New York—Prenatal exposure to selective serotonin reuptake inhibitors (SSRIs) is associated with fetal brain development, especially in regions essential for emotional processing, according to a new study.

The report in JAMA Pediatrics, which calls for further research on the potential long-term behavioral and psychological outcomes of the neurodevelopmental changes, suggests that the finding is especially important because SSRI use has increased among pregnant women.

The Columbia University Medical Center–led research team posits that usage of the drugs might be on an upswing because of an increased awareness about the adverse effects of untreated prenatal maternal depression on women and children.

Background information in the article notes that although not much is known about the association between prenatal SSRI and fetal neurodevelopment in humans, animal studies have hinted that perinatal SSRI exposure can alter brain circuitry and produce anxiety and depressive-like behaviors after adolescence.

To try to determine the effects, the researchers focused on 98 infant-mother pairs between 2011 and 2016; 16 infants who had in-utero SSRI exposure self-reported by mothers were compared with 21 infants exposed in utero to untreated maternal depression and 61 other healthy infants without those exposures.

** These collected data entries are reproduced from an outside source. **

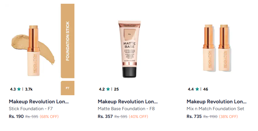 Makeup Revolution London @ Up to 68% Discount, Available on Myntra.
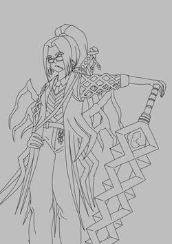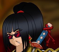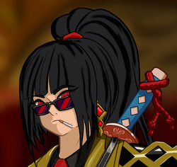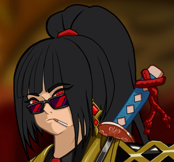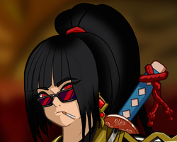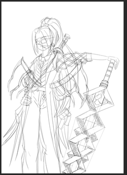 Вроде все готово. Далее от нас требуется лишь докинуть цвет через градиет-мапы на все области, и мы в шоколаде. Замечу еще, что лишний лайн по типу полосок на жилетке или бабочек на гарде я выпилил за ненадобностью. М-м, да, я в курсе что катана за спиной кривовата, но волновало бы это меня еще.
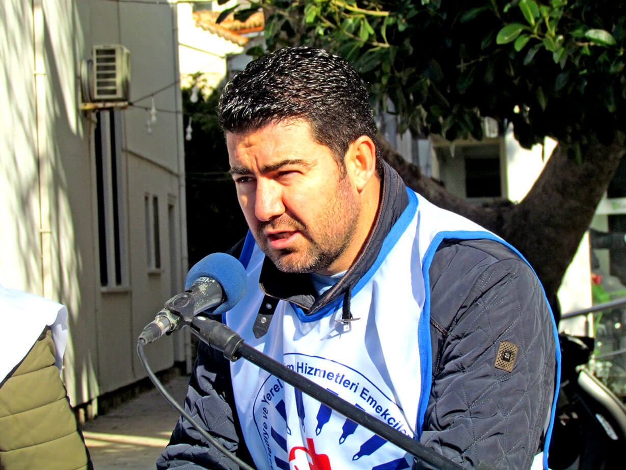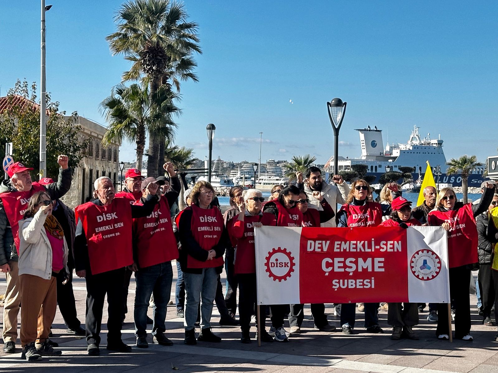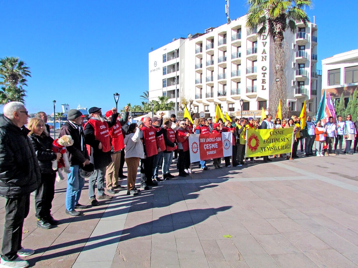 Cumhuriyet Meydanı’nda gerçekleştirilen basın açıklamasına Eğitim-Sen Çeşme Temsilciliği, Tüm Bel-Sen Çeşme Temsilciliği ve Sağlık ve Sosyal Hizmet Emekçileri Sendikası (SES) Çeşme Temsilciliği üyesi kamu emekçileri katıldı. DİSK Dev-Emekli-Sen Çeşme Temsilciliği üyeleri de eyleme destek verdi.
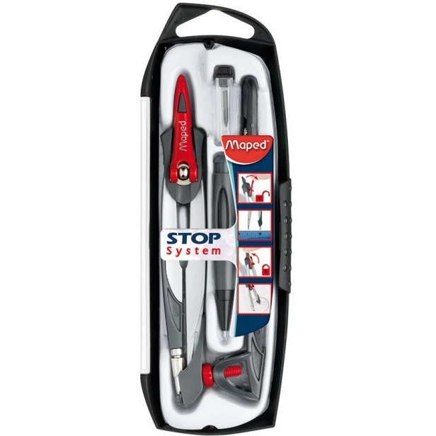 Metalowy cyrkiel z grafitową końcówką w plastikowym etui w zestawie z 4 elementami; uniwersalnym uchwytem na ołówek, zapasowym grafitem, temperówką do grafitów i ołówkiem automatycznym na grafity 0,5 mm. Opatentowany system blokady ramion w określonej pozycji. Specjalna nakładka na igłę zabezpiecza przed skaleczeniem. Jednostka sprzedaży 1 sztuka.
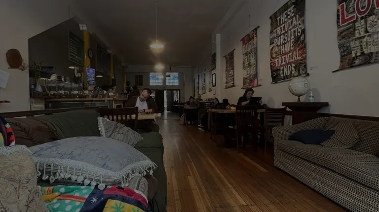 Cozy, cushy, old-school comfort zone.Great food, great atmosphere, great drinks, and great people.This isn't like most coffee shops or cafes in San Francisco! It almost closed down but the community rallied to save it, and the city is better for it. There's history here and it feels like home--something some of the newer, flashier cafes lack. Yummy croque monsieur and other sandwiches and baked goods. Very comfy seating.

The study team looked at SSRIs and untreated maternal depression, using magnetic resonance imaging (MRI) to estimate gray-matter volume and white matter structural connectivity.

Results were that voxel-based morphometry showed significant gray matter volume expansion in the right amygdala (Cohen d = 0.65; 95% CI, 0.06-1.23) and right insula (Cohen d = 0.86; 95% CI, 0.26-1.14) in SSRI-exposed infants versus both healthy controls and infants exposed to untreated maternal depression.

In addition, in connectome-level analysis of white matter structural connectivity, the SSRI group showed a significant increase in connectivity between the right amygdala and the right insula with a large effect size (Cohen d = 0.99; 95% CI, 0.40-1.57) compared with healthy controls and untreated depression, researchers report.